Data for processing Block Start
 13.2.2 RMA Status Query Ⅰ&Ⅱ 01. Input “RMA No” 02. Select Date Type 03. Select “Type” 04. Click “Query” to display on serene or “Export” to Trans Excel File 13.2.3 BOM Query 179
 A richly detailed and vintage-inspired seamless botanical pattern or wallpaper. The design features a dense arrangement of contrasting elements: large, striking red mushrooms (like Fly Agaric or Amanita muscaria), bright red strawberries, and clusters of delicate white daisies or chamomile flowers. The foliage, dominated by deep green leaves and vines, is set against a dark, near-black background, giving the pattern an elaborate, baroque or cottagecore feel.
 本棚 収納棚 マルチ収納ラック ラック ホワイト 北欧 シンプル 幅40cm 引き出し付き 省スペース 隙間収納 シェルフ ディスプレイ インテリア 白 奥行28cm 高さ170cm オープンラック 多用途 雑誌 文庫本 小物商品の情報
Data for processing Block End
Data for processing Block Start
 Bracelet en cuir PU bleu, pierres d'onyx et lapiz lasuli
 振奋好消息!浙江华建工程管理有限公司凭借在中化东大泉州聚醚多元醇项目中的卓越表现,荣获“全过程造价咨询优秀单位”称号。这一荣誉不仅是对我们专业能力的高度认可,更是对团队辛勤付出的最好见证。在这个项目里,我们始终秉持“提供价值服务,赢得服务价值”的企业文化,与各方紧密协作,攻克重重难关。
Data for processing Block End
Data for processing Block Start
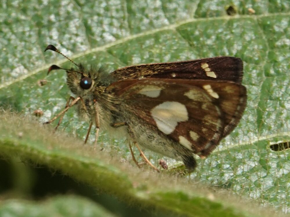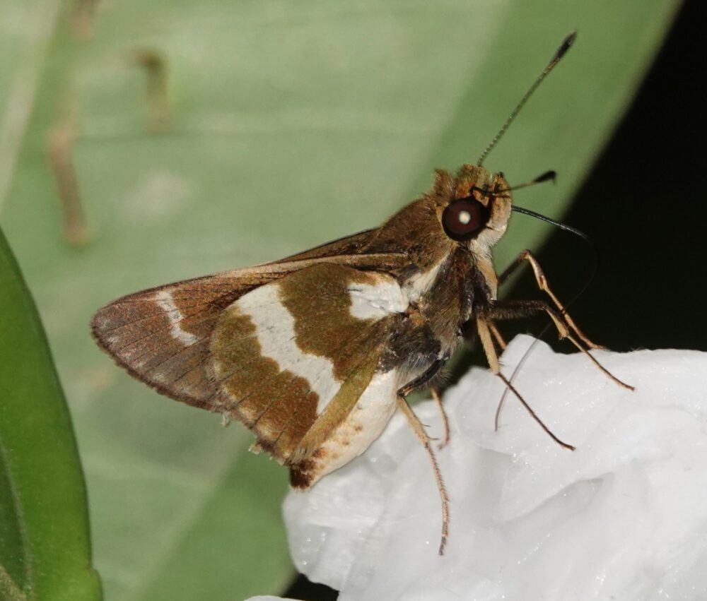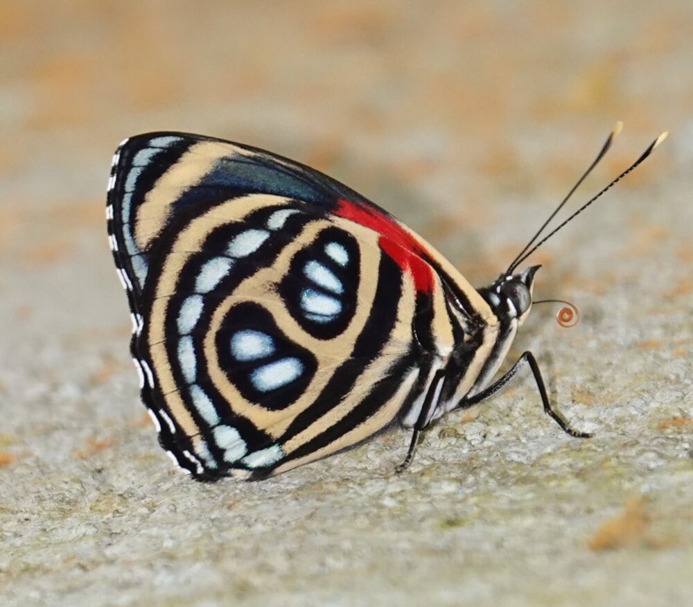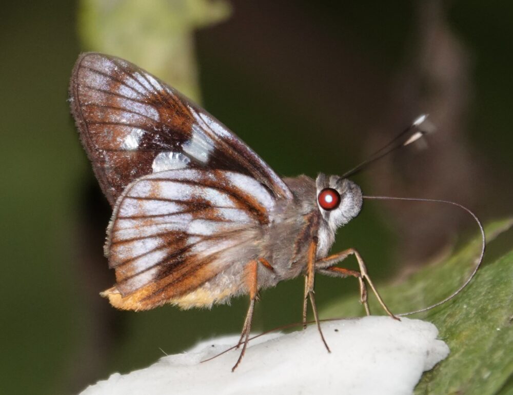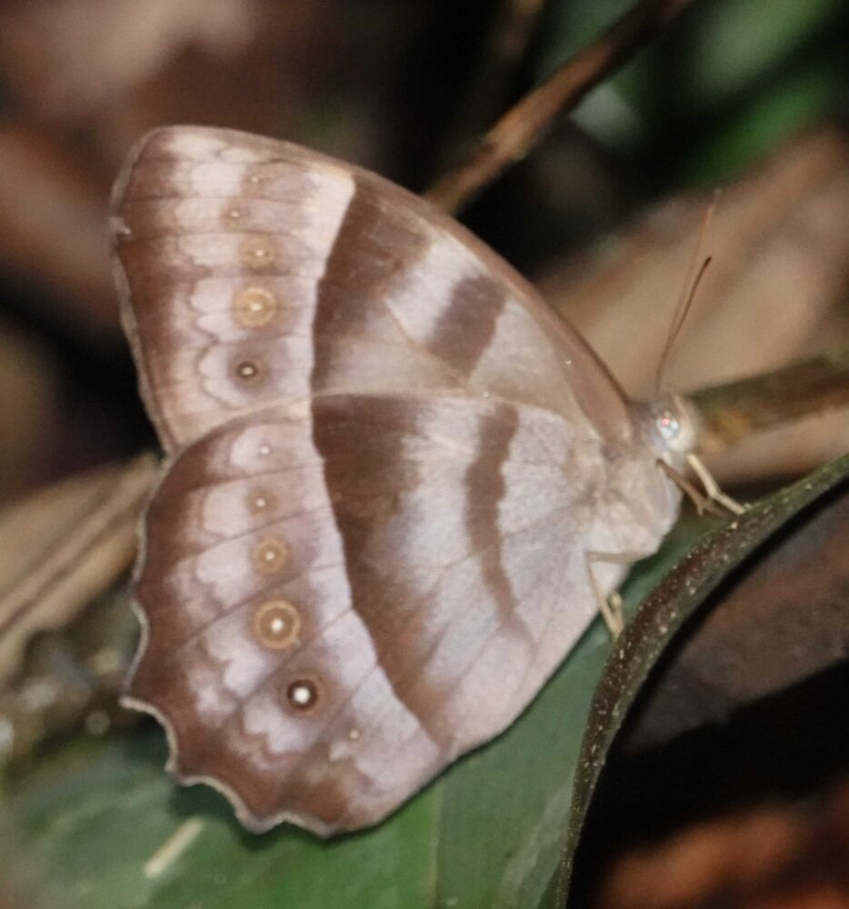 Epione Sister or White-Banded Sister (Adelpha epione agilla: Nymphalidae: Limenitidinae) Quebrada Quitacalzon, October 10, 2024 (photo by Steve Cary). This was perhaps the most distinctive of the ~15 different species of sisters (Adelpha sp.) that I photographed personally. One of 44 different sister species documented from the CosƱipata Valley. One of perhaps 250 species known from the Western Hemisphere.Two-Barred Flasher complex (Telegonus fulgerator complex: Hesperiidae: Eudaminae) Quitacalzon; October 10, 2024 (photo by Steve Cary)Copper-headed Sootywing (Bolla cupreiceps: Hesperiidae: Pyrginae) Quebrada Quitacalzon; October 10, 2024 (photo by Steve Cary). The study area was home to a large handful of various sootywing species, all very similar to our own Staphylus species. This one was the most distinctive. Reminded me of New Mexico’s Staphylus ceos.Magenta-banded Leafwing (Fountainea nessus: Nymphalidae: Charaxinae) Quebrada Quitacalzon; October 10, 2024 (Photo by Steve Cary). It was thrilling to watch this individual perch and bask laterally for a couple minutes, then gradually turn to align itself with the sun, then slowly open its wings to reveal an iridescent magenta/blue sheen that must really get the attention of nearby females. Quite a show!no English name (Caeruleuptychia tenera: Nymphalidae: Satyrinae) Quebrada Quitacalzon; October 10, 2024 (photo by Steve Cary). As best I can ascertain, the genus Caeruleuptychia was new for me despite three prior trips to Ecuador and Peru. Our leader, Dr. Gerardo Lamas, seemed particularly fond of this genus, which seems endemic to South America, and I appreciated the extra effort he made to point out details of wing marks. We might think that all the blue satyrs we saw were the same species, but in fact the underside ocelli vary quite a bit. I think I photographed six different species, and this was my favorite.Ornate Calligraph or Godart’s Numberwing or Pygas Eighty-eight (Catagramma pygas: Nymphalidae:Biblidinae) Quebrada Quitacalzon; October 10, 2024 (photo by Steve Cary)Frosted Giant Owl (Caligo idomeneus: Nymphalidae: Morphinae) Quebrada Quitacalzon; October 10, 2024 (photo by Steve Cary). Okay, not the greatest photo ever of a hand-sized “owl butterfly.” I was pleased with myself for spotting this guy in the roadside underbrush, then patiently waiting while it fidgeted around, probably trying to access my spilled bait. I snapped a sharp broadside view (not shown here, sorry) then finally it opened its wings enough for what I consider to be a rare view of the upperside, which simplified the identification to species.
Data for processing Block End
Task
Your task for the entries above: copy exactly the span starting with the line with "A richly detailed" and going on through the line with "本棚 収納棚 マルチ収納ラック", both lines included, and nothing else.

Output for this exercise
 A richly detailed and vintage-inspired seamless botanical pattern or wallpaper. The design features a dense arrangement of contrasting elements: large, striking red mushrooms (like Fly Agaric or Amanita muscaria), bright red strawberries, and clusters of delicate white daisies or chamomile flowers. The foliage, dominated by deep green leaves and vines, is set against a dark, near-black background, giving the pattern an elaborate, baroque or cottagecore feel.
 本棚 収納棚 マルチ収納ラック ラック ホワイト 北欧 シンプル 幅40cm 引き出し付き 省スペース 隙間収納 シェルフ ディスプレイ インテリア 白 奥行28cm 高さ170cm オープンラック 多用途 雑誌 文庫本 小物商品の情報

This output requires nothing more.